Print the whole listing below exactly as given, pictures excluded.

→ **Collected data**
..............................
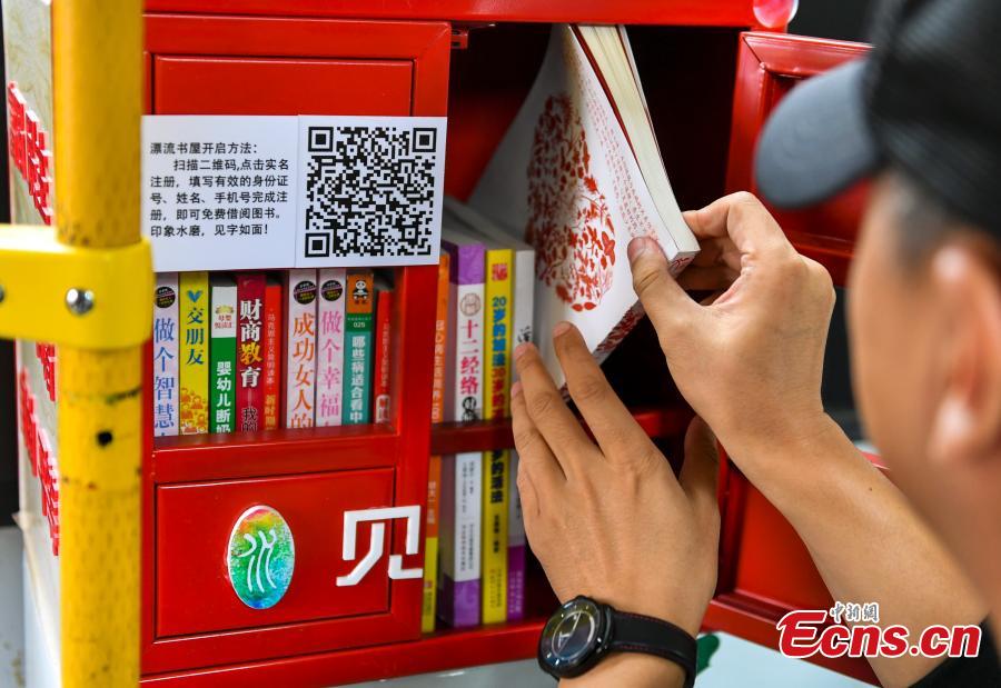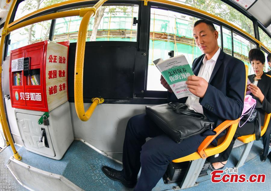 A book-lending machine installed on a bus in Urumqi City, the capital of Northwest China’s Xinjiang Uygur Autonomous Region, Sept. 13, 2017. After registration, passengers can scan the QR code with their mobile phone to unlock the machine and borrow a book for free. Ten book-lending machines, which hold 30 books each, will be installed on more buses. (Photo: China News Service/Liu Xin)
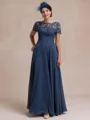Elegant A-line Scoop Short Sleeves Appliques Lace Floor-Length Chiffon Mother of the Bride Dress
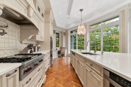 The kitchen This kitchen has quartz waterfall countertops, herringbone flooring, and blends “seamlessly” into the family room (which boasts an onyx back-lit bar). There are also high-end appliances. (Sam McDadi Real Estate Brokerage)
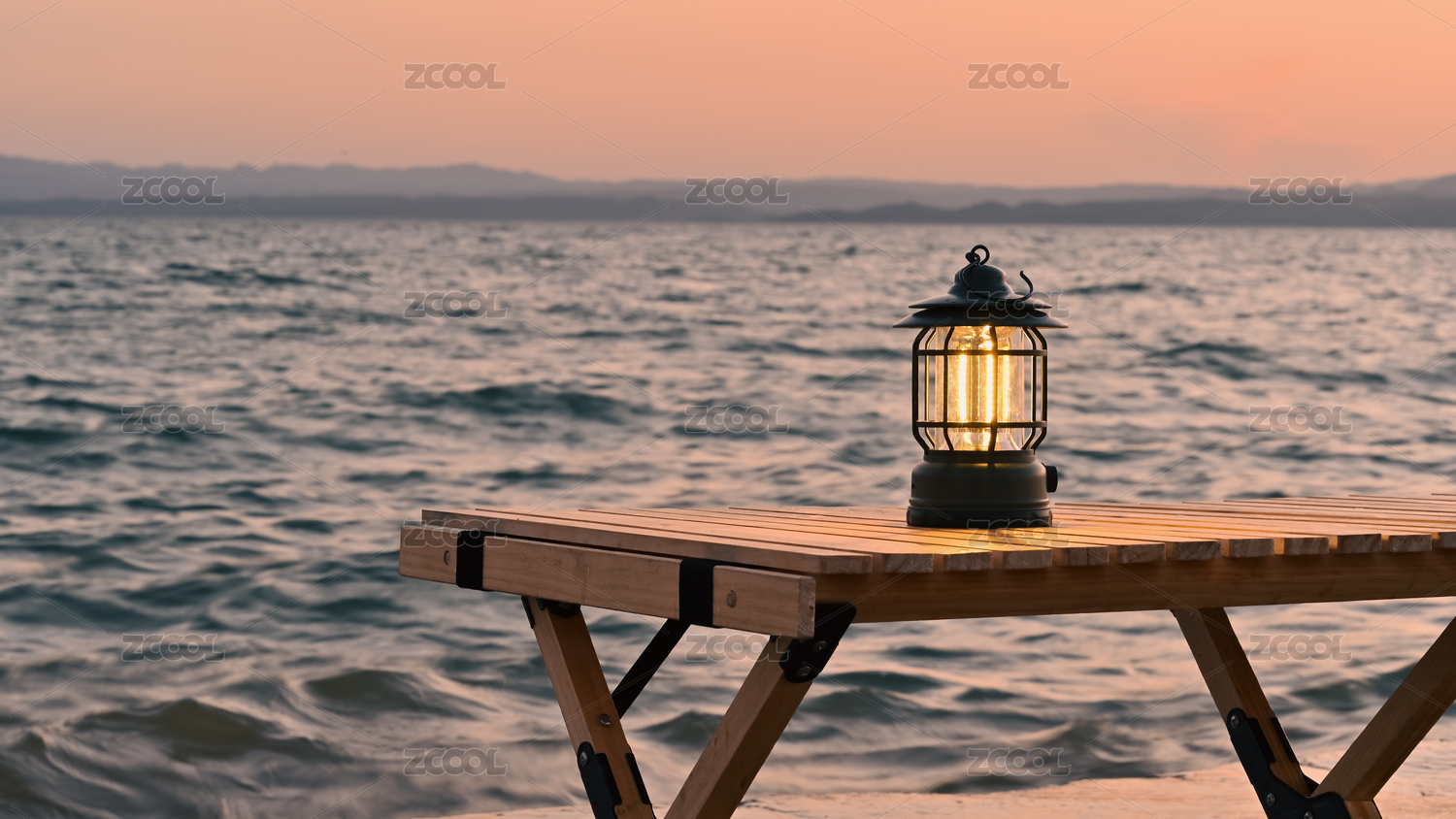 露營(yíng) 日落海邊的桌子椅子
..............................
→ **Exercise output**
 A book-lending machine installed on a bus in Urumqi City, the capital of Northwest China’s Xinjiang Uygur Autonomous Region, Sept. 13, 2017. After registration, passengers can scan the QR code with their mobile phone to unlock the machine and borrow a book for free. Ten book-lending machines, which hold 30 books each, will be installed on more buses. (Photo: China News Service/Liu Xin)
Elegant A-line Scoop Short Sleeves Appliques Lace Floor-Length Chiffon Mother of the Bride Dress
 The kitchen This kitchen has quartz waterfall countertops, herringbone flooring, and blends “seamlessly” into the family room (which boasts an onyx back-lit bar). There are also high-end appliances. (Sam McDadi Real Estate Brokerage)
 露營(yíng) 日落海邊的桌子椅子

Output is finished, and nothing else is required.